WHAT TO WORK ON:
Leaving out the pictures, transcribe all of the records faithfully.

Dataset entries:
*-*-*

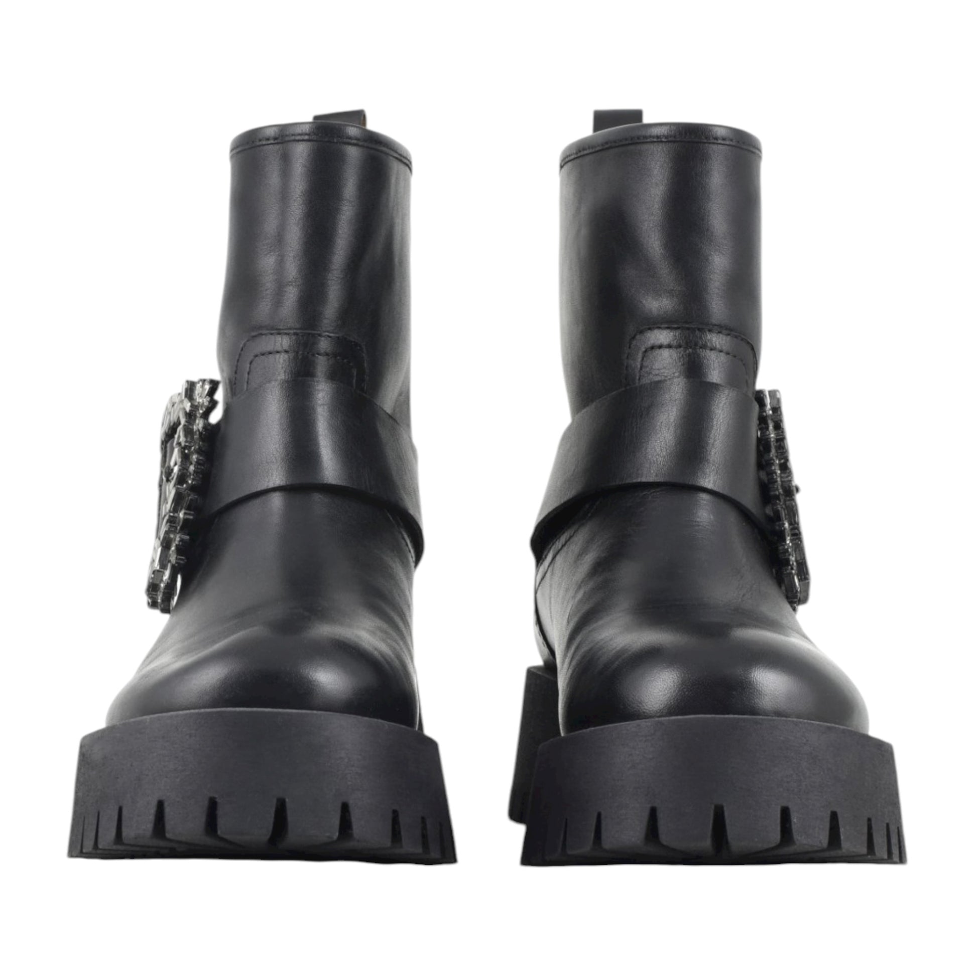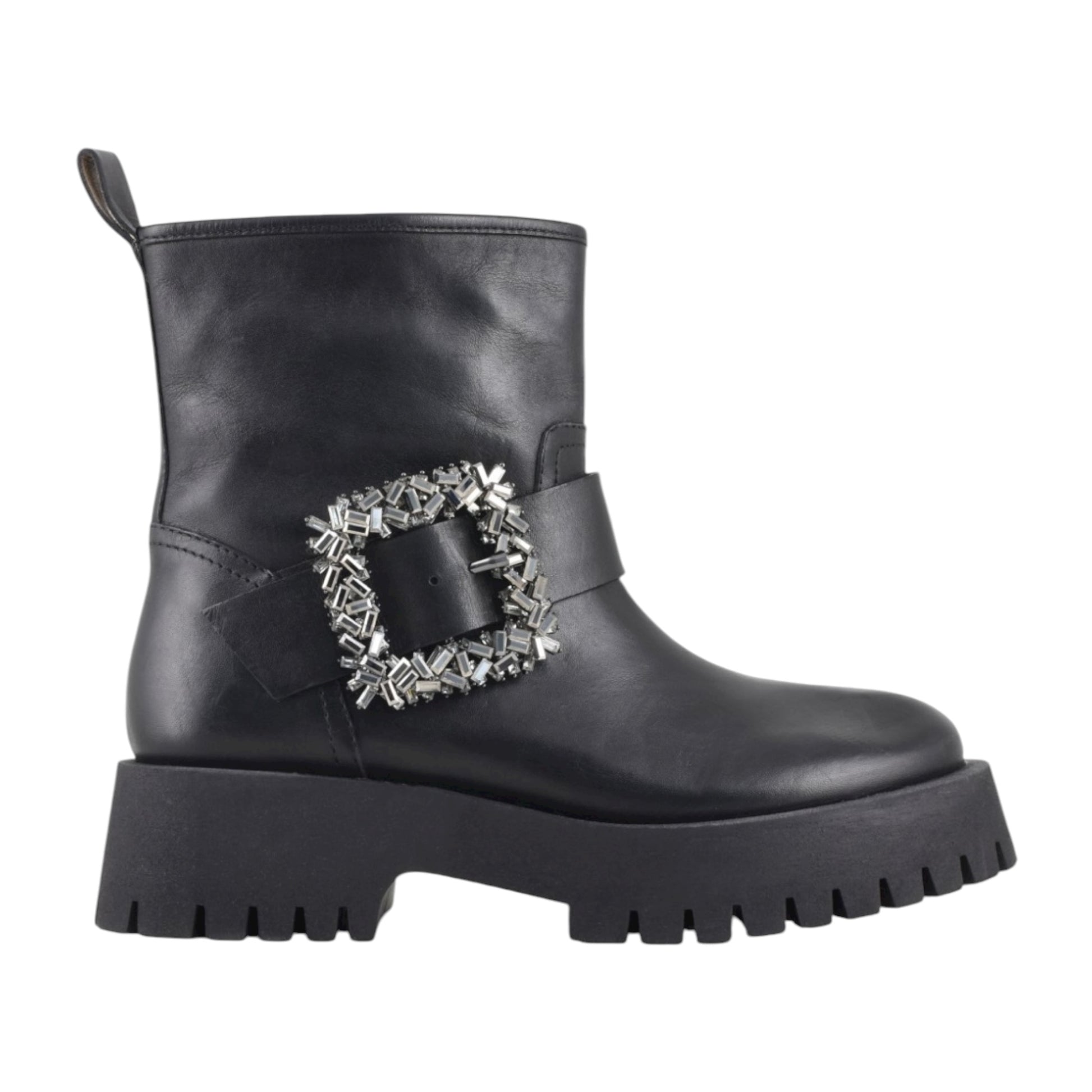 pelle, applicazioni a contrasto, tinta unita, interno in pelle e punta tonda.
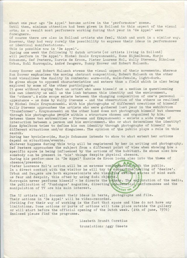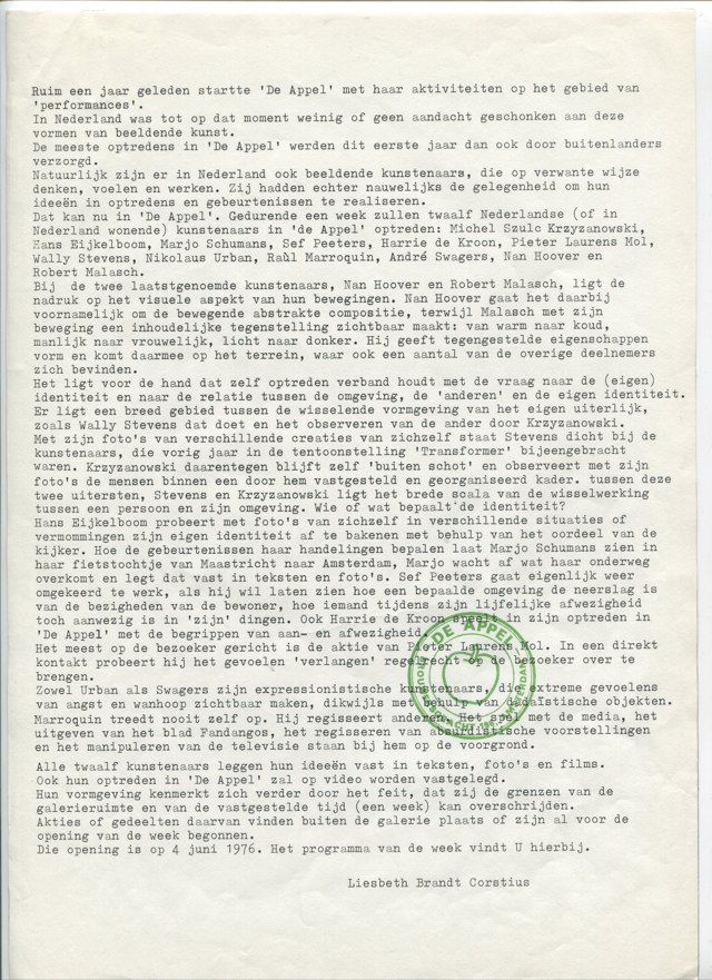 General invitation with program schedule of the Hollandse Week performances and presentations
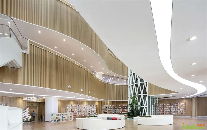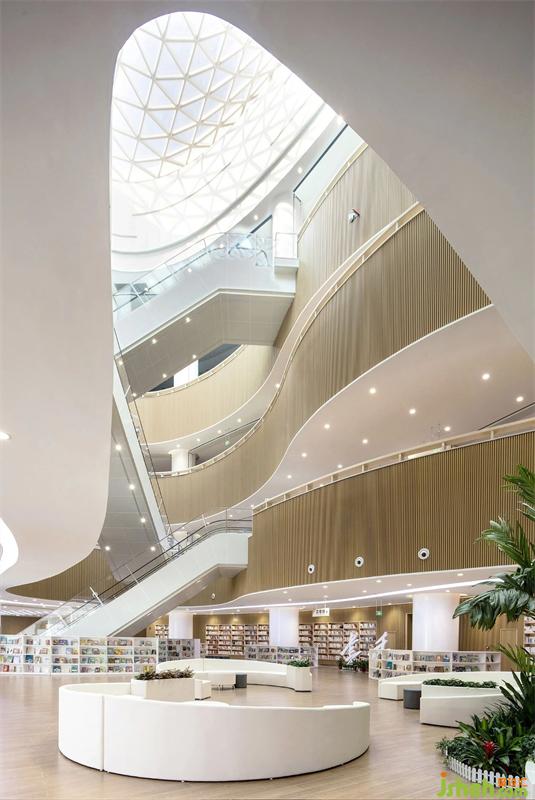 襄阳市图书馆新馆,位于东津新区,是一所集藏书、阅览、信息处理、学术交流、新媒体示范、推广应用为一体的综合性现代化场馆。图书馆设计以繁华喧闹城市中的自然静谧空间体验为设计主旨,在借助光与线条塑造空间优美造型的同时,注重地域纯朴人文、自然、人性化的细节融入。
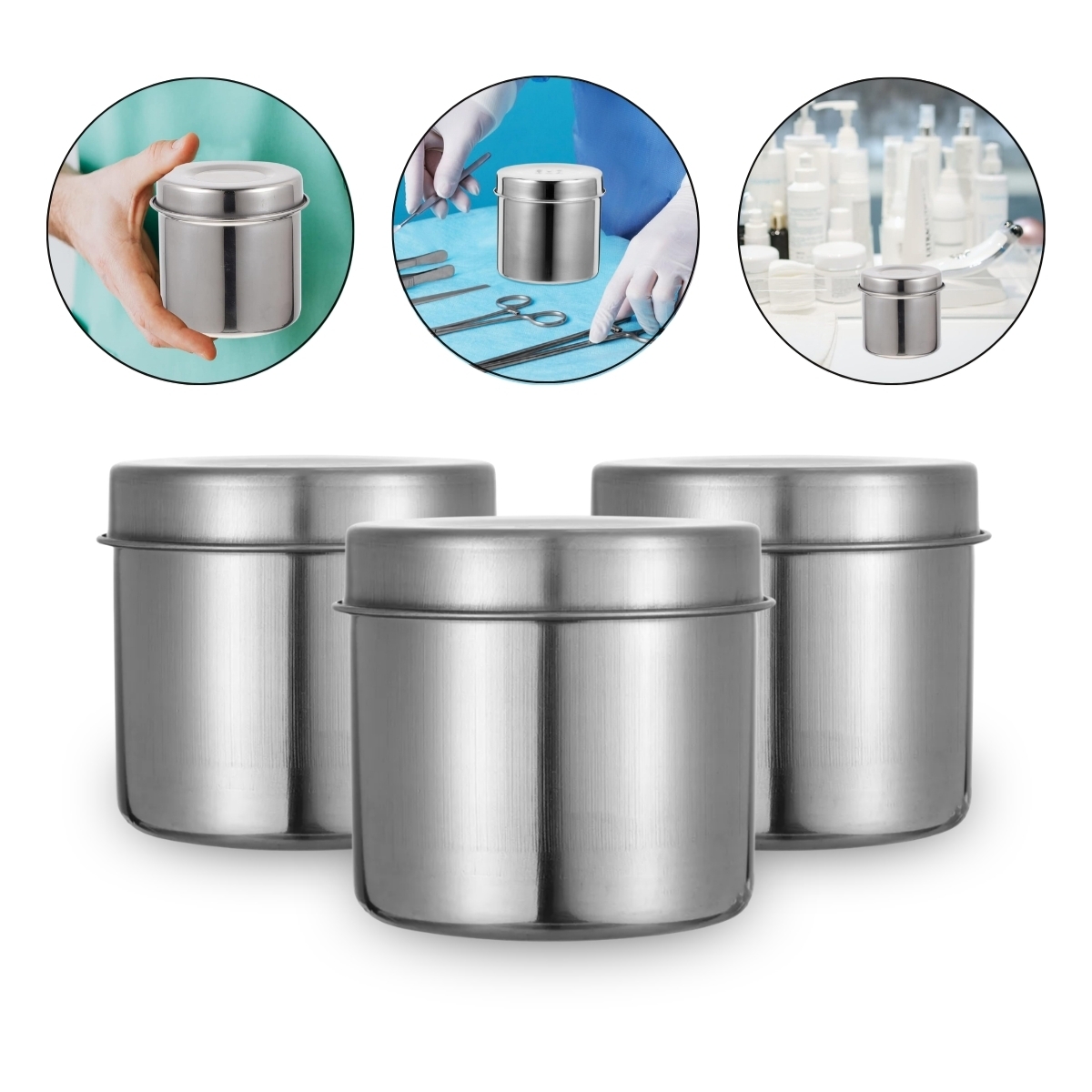 Esse kit conta com 3 Potes Porta Gaze em Inox com 9cm, ideais para um armazenamento higiênico e seguro de algodões, gazes, cotonetes e pequenos instrumentos. Fabricados em aço inoxidável, são simples de limpar e esterilizar, proporcionando maior durabilidade e proteção contra contaminações. São indicados para uso em clínicas de estética, podologia, consultórios odontológicos, salões de manicure e outros ambientes que precisam de higiene e organização no manuseio dos materiais. O tamanho compacto dos potes facilita o manuseio e a acomodação em bandejas ou bancadas.
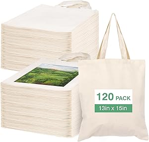 Canvas Tote Bag Bulk 120 Pack Reusable Grocery Shopping Cloth Bags, 13x15 Inches Medium Blank Tote Bags for Heat Transfer,
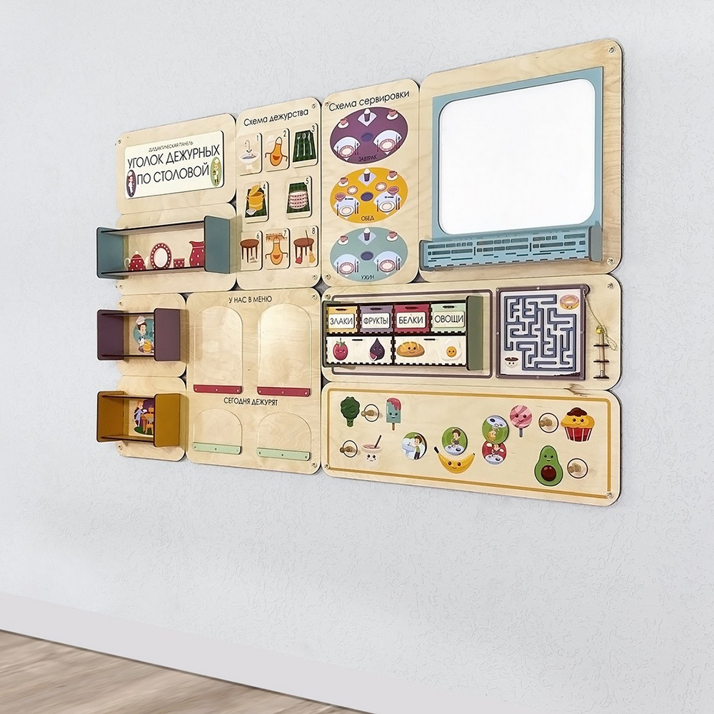 - Занятия с панелью «Уголок дежурных по столовой» нацелены познакомить детей с меню питания, графиком дежурств, полезными продуктами, правильным поведением за столом. Дети приобщаются к посильной работе, учатся заботиться о коллективе.
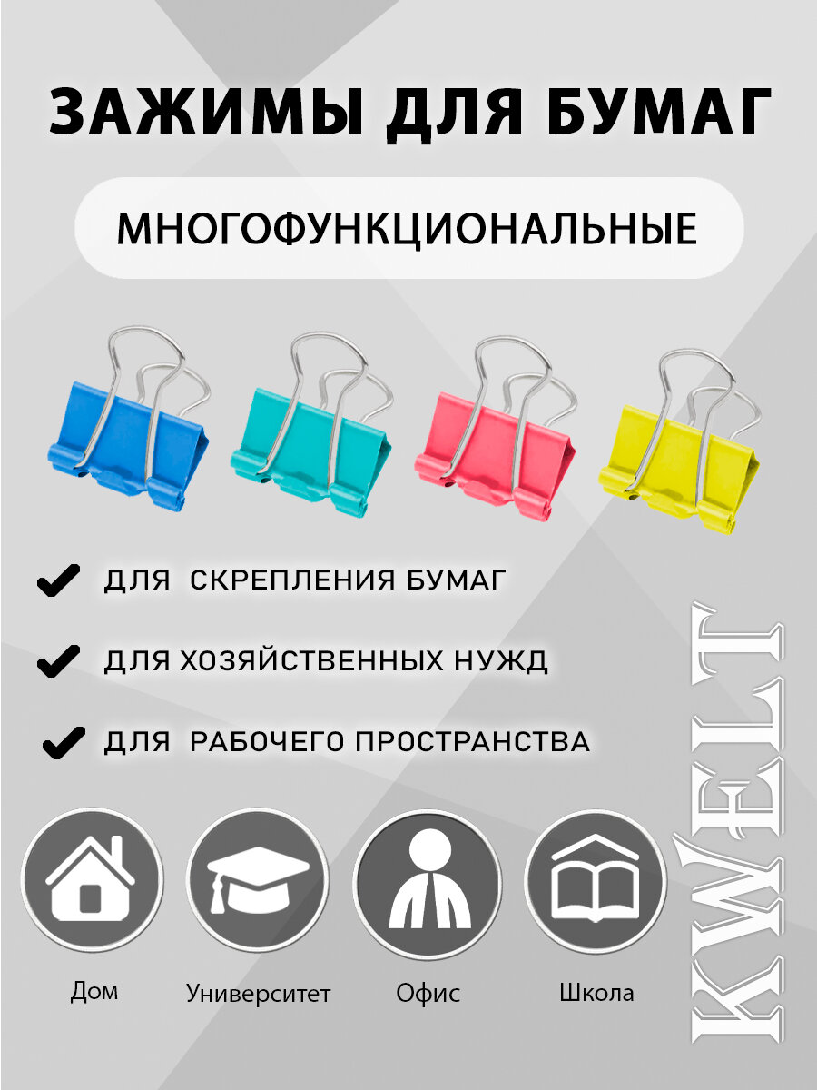СохранитьЗажимы канцелярские, металлические KWELT 15 мм, ассорти 60 шт. интересное:

*-*-*

EXPECTED ANSWER:
 pelle, applicazioni a contrasto, tinta unita, interno in pelle e punta tonda.
 General invitation with program schedule of the Hollandse Week performances and presentations
 襄阳市图书馆新馆,位于东津新区,是一所集藏书、阅览、信息处理、学术交流、新媒体示范、推广应用为一体的综合性现代化场馆。图书馆设计以繁华喧闹城市中的自然静谧空间体验为设计主旨,在借助光与线条塑造空间优美造型的同时,注重地域纯朴人文、自然、人性化的细节融入。
 Esse kit conta com 3 Potes Porta Gaze em Inox com 9cm, ideais para um armazenamento higiênico e seguro de algodões, gazes, cotonetes e pequenos instrumentos. Fabricados em aço inoxidável, são simples de limpar e esterilizar, proporcionando maior durabilidade e proteção contra contaminações. São indicados para uso em clínicas de estética, podologia, consultórios odontológicos, salões de manicure e outros ambientes que precisam de higiene e organização no manuseio dos materiais. O tamanho compacto dos potes facilita o manuseio e a acomodação em bandejas ou bancadas.
 Canvas Tote Bag Bulk 120 Pack Reusable Grocery Shopping Cloth Bags, 13x15 Inches Medium Blank Tote Bags for Heat Transfer,
 - Занятия с панелью «Уголок дежурных по столовой» нацелены познакомить детей с меню питания, графиком дежурств, полезными продуктами, правильным поведением за столом. Дети приобщаются к посильной работе, учатся заботиться о коллективе.
СохранитьЗажимы канцелярские, металлические KWELT 15 мм, ассорти 60 шт. интересное:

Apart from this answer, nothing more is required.